Here is an old saw that we bring out of the toolbox every now and then, and we use it just enough so it has never really gotten rusty and it can cut through a lot of crap to make a point: The datacenter, and perhaps all clients, would have been better off if InfiniBand had just become the ubiquitous I/O switched fabric standard it was designed to be back in the late 1990s.
But, for a lot of self-serving interests, that did not happen. There were a few notable exceptions where InfiniBand was used as a kind of system backbone (by IBM, Sun Microsystems, and Unisys are the ones we remember), but InfiniBand only survived thanks to a few startups (SilverStream/QLogic/Intel/Cornelis Networks and Mellanox/Nvidia) and only in a niche as a high performance, low latency alternative to Ethernet in distributed computing systems.

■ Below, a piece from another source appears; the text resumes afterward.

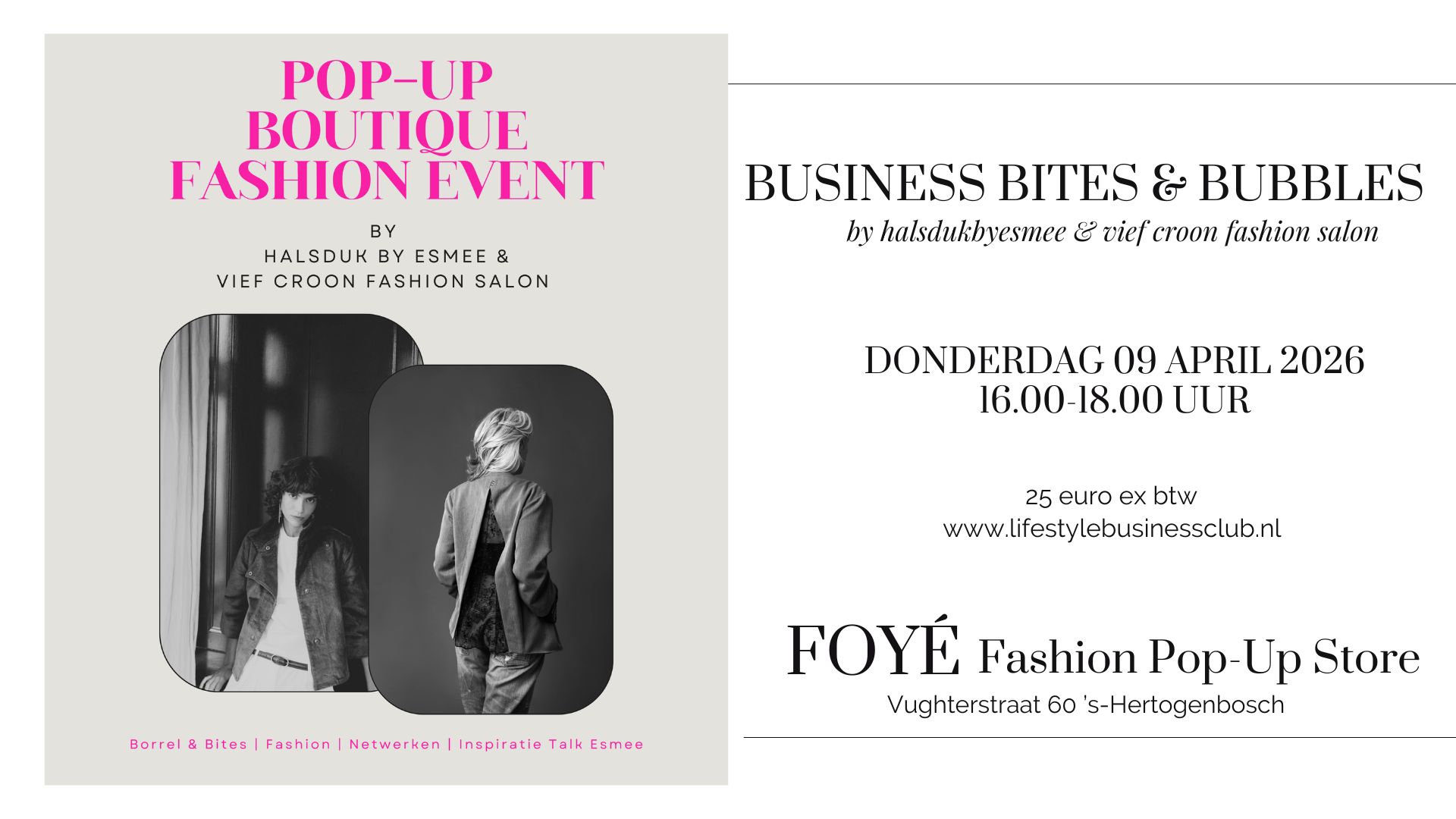 POP-UP BOUTIQUE FASHION EVENT Netwerken op een zojuist geopende, inspirerende plek, daar wil je toch bij zijn? Op donderdag 09 april komen wij voor ons netwerk event Bites & Bubbles […]

InfiniBand was instrumental in high performance computing in its many guises because of Remote Direct Memory Access, or RDMA, which allows for data to be moved from the memory of one server to another server directly over the InfiniBand network without going through the network driver stack on each server’s operating system. RDMA is what gives InfiniBand low latency, and obviously it is very powerful when used in conjunction with the Message Passing Interface (MPI) protocol for distributing workloads across CPU cores and GPU streaming multiprocessors in distributed systems.
There were two attempts to converge the benefits of InfiniBand into Ethernet. The first was iWARP, which put what was in essence a clone of chunks of the InfiniBand RDMA protocol on Ethernet network adapters, which were given hardware acceleration for Ethernet TCP/IP processing, thereby removing most of the operating system overhead from using Ethernet. Offloading a TCP/IP stack was difficult and expensive (computationally and economically), and thus iWARP never got much traction. (And here we are, a decade later, and we can have fat DPUs thanks to an even slowing Moore’s Law.)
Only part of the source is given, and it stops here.